▸ **Exercise description**:
Among the entries below, only the lines from the one with "현대차는 28일 서울" through the one with "20日(水) 27日(水) |" are wanted, reproduced exactly. Pictures are not wanted.

═════ Exercise data ═════

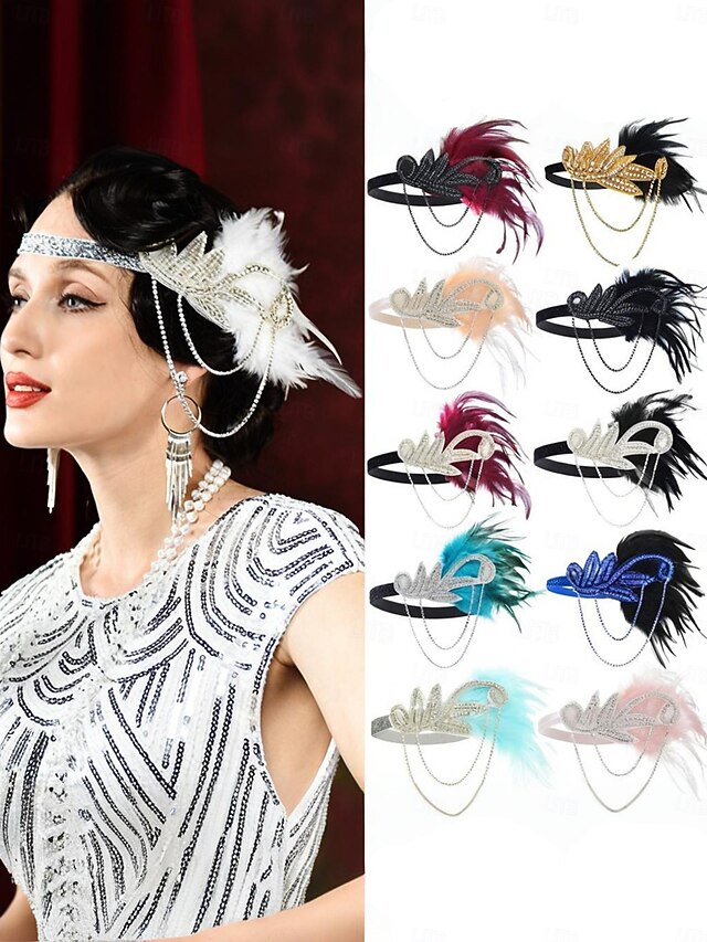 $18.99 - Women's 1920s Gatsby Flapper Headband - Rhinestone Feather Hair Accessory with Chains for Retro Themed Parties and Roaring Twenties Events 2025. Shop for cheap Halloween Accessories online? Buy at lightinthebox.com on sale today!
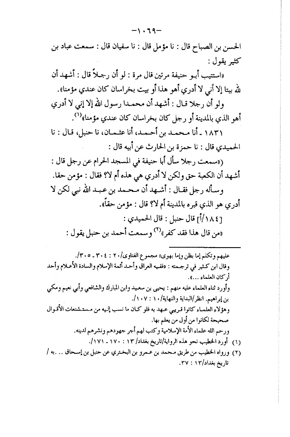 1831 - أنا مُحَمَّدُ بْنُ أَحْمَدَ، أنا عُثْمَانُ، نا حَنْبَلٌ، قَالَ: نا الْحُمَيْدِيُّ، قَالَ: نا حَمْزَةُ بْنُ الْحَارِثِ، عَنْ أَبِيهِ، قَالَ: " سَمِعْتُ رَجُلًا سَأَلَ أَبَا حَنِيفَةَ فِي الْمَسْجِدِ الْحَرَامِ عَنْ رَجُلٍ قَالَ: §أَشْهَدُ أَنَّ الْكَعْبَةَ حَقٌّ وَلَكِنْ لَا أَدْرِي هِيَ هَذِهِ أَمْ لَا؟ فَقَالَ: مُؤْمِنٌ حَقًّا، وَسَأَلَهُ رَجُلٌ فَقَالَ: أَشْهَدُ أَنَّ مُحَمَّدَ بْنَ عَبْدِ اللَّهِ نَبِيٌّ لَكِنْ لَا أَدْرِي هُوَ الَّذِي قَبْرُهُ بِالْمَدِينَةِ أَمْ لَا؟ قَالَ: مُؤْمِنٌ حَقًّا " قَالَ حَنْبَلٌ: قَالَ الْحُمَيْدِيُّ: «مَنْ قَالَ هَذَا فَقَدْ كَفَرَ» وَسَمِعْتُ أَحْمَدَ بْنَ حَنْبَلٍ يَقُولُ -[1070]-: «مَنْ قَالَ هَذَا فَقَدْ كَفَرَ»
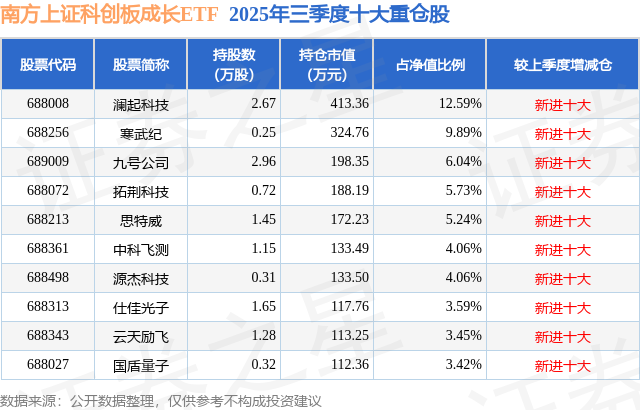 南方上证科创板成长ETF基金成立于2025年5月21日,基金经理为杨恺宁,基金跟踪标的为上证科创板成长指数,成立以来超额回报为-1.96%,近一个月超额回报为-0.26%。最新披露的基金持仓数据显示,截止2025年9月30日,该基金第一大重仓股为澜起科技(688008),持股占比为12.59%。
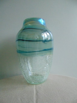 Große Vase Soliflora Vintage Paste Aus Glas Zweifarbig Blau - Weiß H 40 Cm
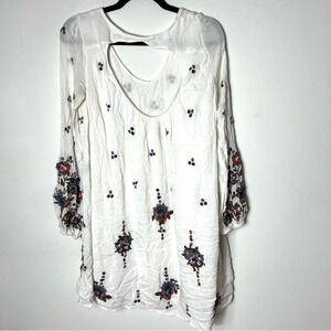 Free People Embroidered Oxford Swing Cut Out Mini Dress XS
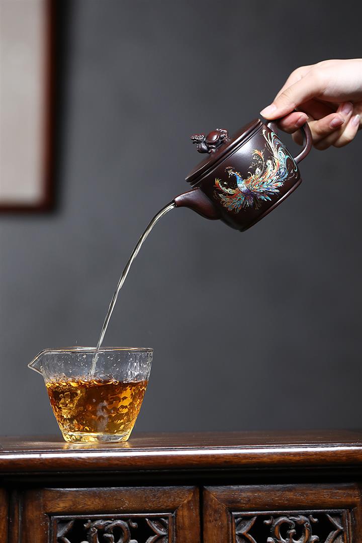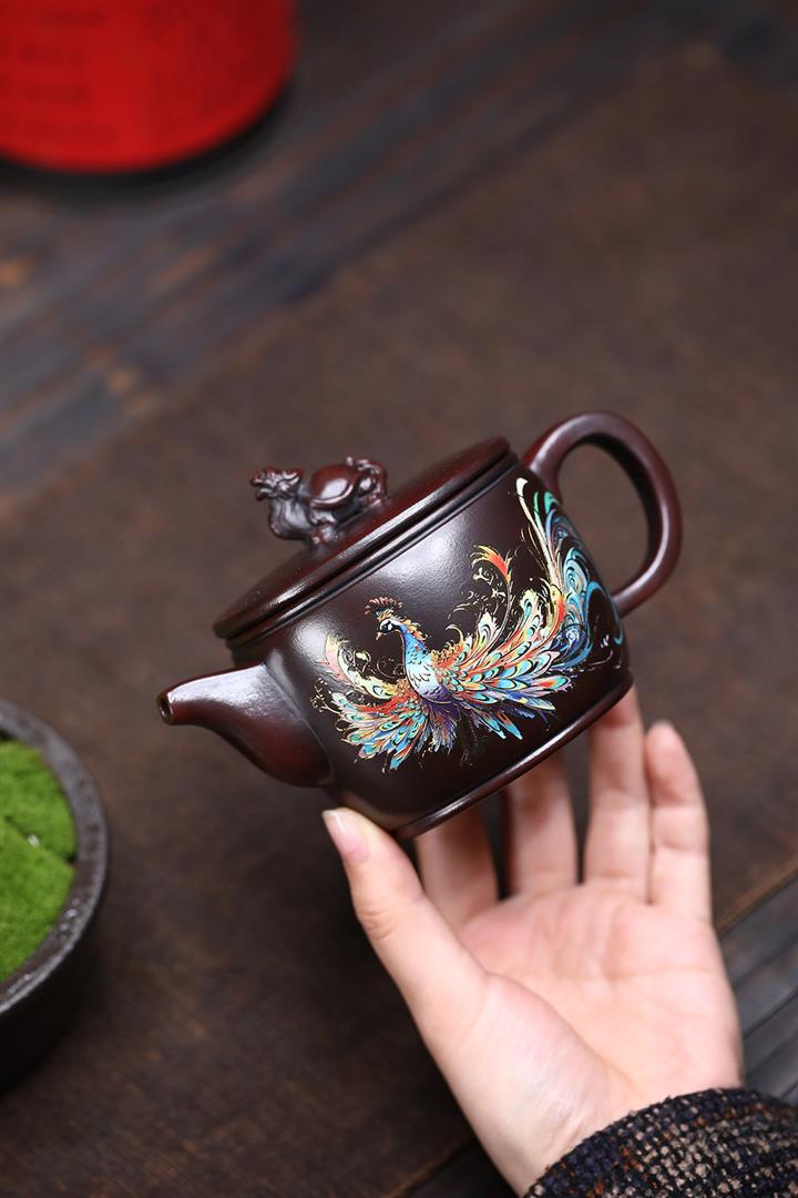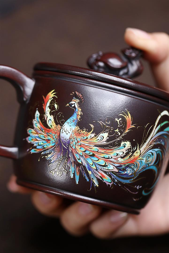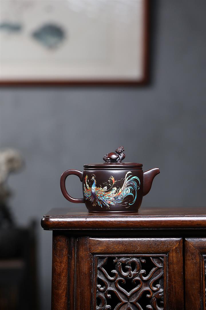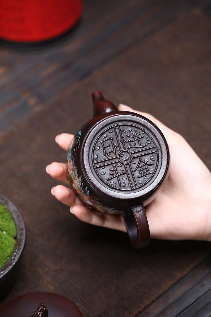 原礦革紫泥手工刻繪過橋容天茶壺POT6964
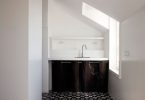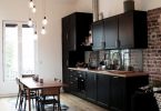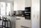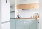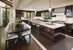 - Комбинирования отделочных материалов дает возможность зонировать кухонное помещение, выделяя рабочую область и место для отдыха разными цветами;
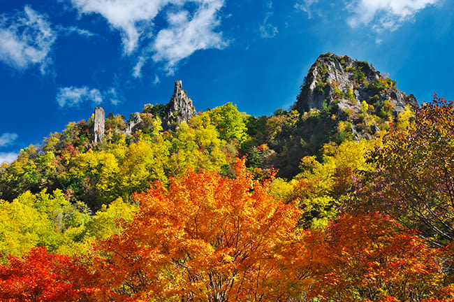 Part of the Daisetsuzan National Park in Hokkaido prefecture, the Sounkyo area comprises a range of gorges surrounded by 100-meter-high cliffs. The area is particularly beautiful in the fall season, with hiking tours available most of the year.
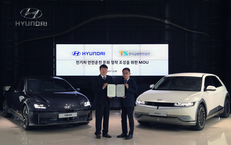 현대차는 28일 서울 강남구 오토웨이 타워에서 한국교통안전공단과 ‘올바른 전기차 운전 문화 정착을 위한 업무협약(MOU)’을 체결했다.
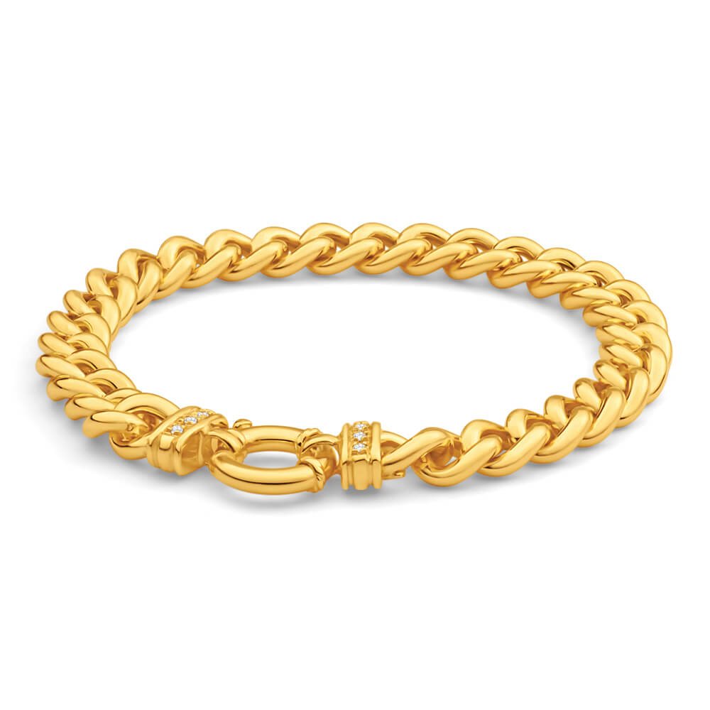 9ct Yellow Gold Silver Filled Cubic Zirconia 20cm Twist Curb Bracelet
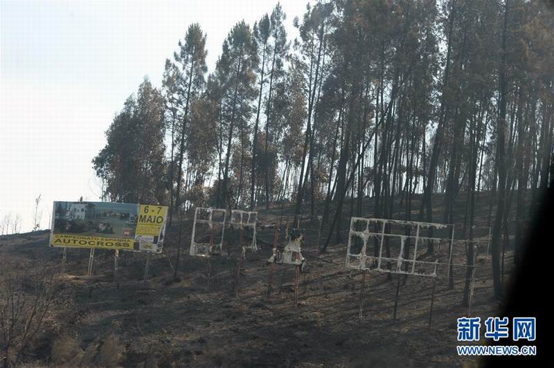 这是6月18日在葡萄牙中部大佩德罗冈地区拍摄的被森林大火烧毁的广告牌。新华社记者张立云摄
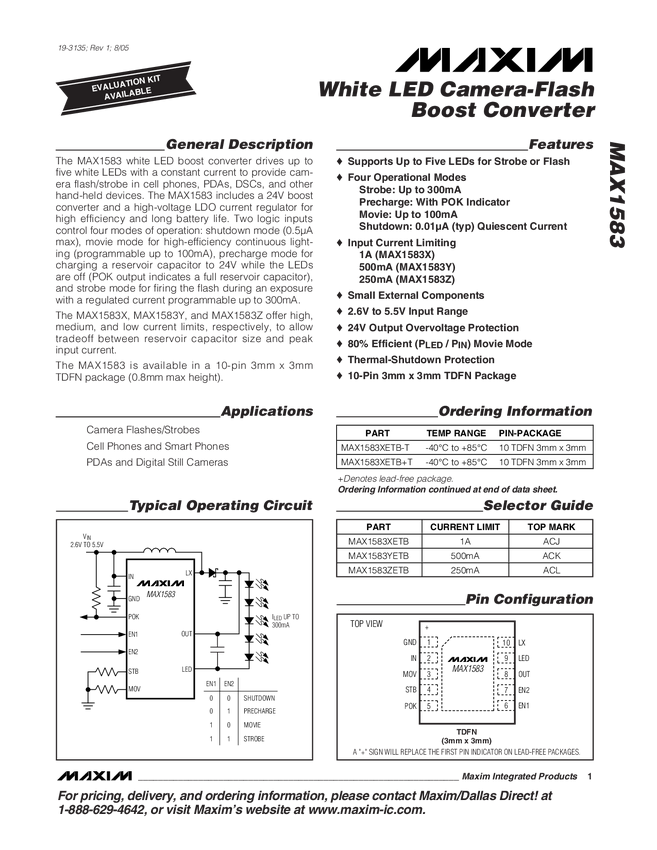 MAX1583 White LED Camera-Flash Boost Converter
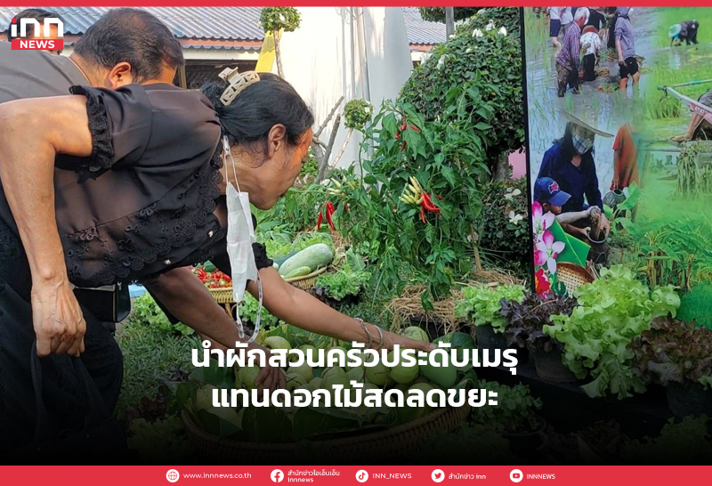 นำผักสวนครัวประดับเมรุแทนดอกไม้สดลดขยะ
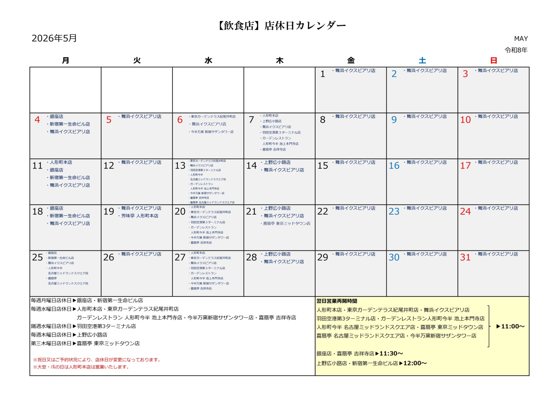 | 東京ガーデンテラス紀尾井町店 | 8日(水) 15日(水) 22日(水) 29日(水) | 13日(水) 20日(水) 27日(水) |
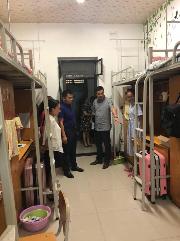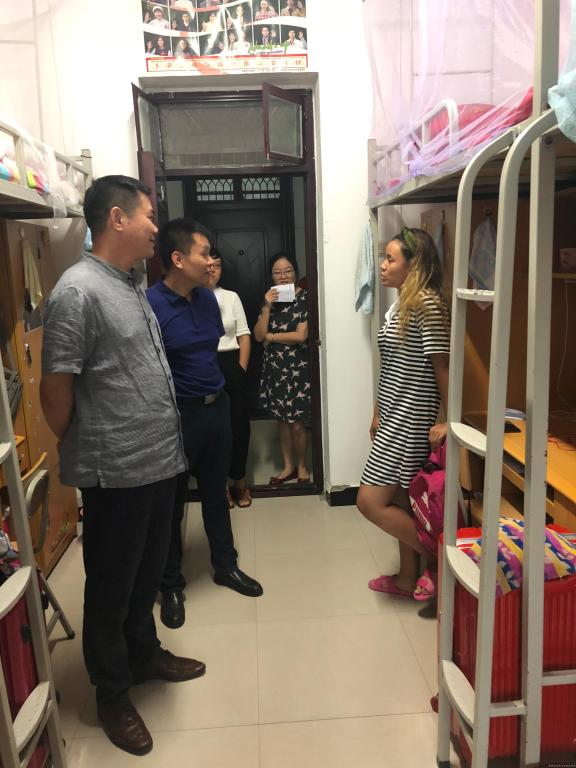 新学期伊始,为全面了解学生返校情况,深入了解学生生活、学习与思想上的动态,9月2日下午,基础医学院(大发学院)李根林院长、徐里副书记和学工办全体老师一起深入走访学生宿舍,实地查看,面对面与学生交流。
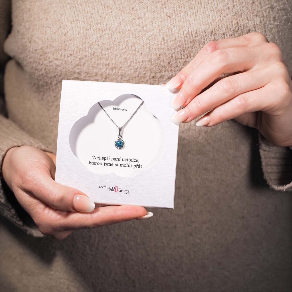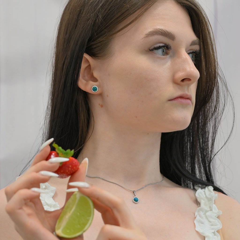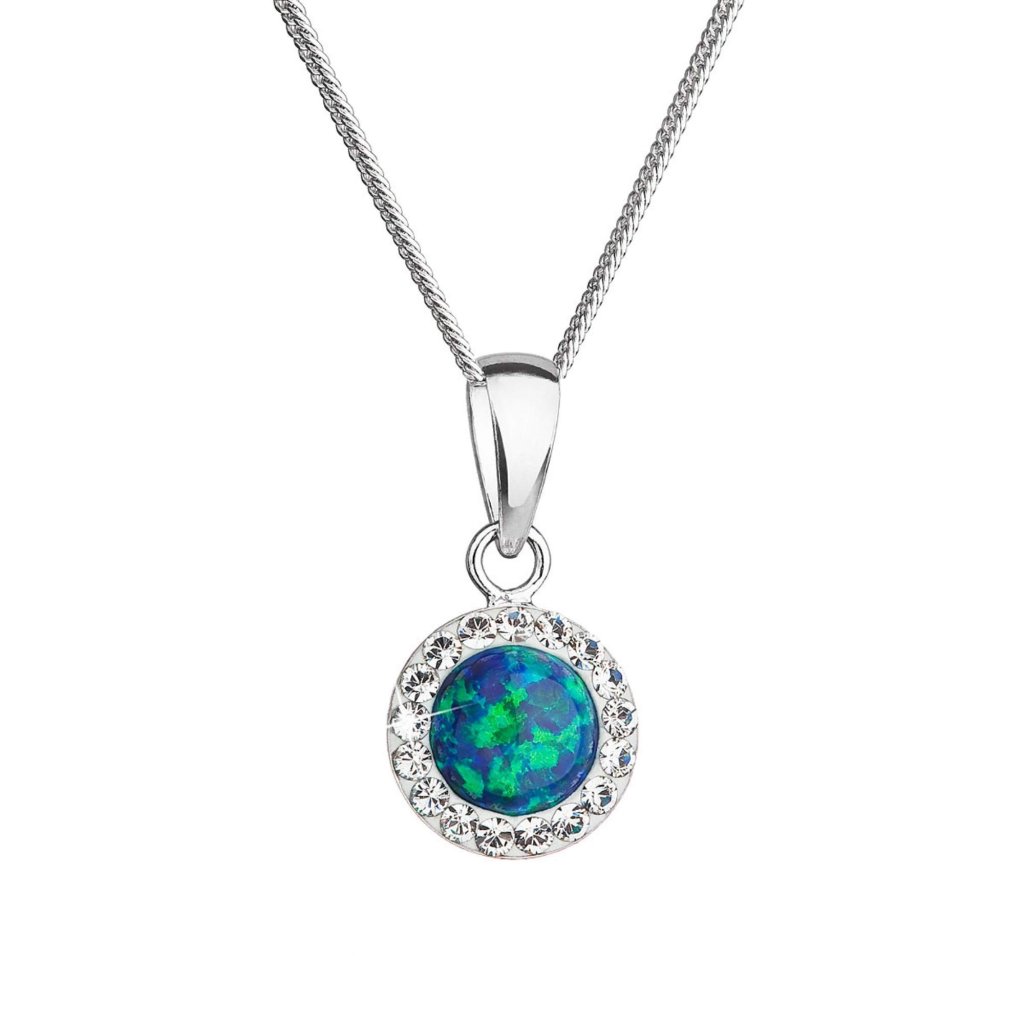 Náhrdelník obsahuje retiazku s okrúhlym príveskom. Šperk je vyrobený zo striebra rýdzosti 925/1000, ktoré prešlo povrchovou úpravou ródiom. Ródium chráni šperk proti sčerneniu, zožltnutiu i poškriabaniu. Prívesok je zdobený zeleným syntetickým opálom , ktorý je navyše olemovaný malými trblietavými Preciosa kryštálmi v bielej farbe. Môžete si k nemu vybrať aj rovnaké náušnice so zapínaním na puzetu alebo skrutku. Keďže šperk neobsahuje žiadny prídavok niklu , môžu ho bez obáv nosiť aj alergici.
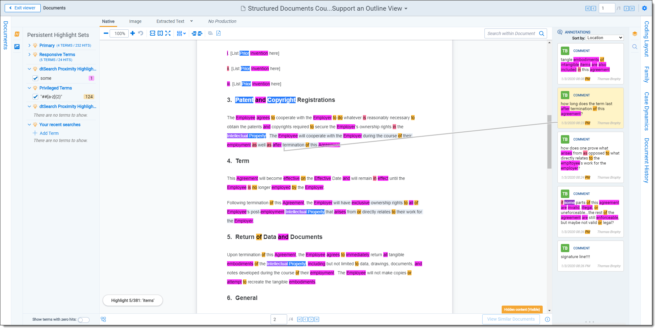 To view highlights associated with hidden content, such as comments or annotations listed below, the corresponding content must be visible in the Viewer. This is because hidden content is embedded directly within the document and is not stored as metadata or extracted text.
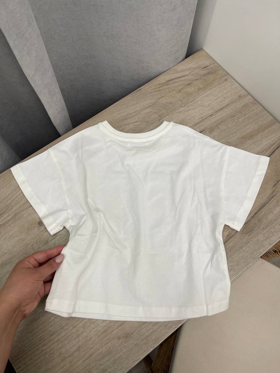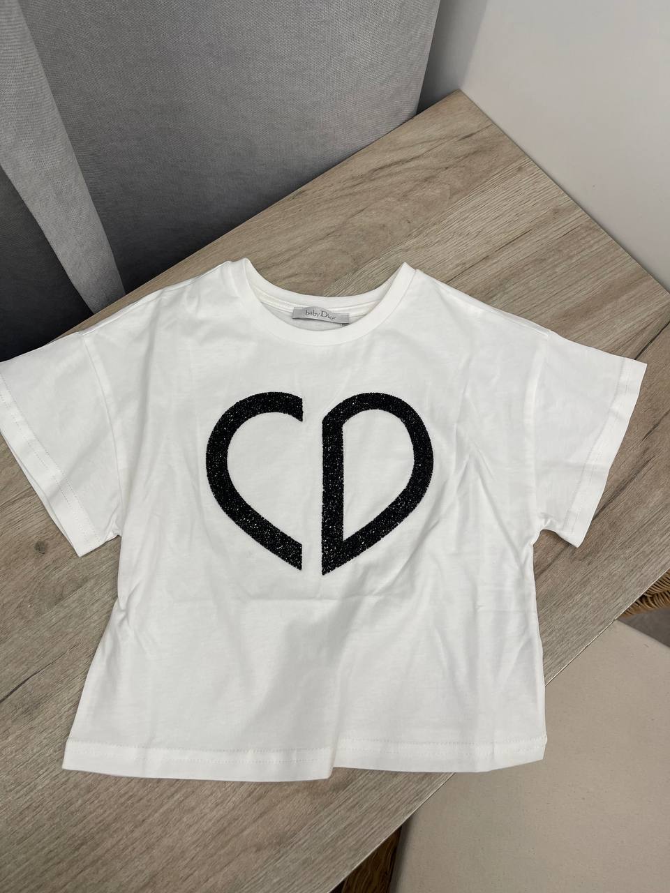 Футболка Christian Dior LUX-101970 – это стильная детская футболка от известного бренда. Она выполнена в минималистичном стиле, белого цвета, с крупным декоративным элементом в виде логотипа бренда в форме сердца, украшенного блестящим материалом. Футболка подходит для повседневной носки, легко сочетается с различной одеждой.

═════

▸ **Final answer**:
 현대차는 28일 서울 강남구 오토웨이 타워에서 한국교통안전공단과 ‘올바른 전기차 운전 문화 정착을 위한 업무협약(MOU)’을 체결했다.
 9ct Yellow Gold Silver Filled Cubic Zirconia 20cm Twist Curb Bracelet
 这是6月18日在葡萄牙中部大佩德罗冈地区拍摄的被森林大火烧毁的广告牌。新华社记者张立云摄
 MAX1583 White LED Camera-Flash Boost Converter
 นำผักสวนครัวประดับเมรุแทนดอกไม้สดลดขยะ
 | 東京ガーデンテラス紀尾井町店 | 8日(水) 15日(水) 22日(水) 29日(水) | 13日(水) 20日(水) 27日(水) |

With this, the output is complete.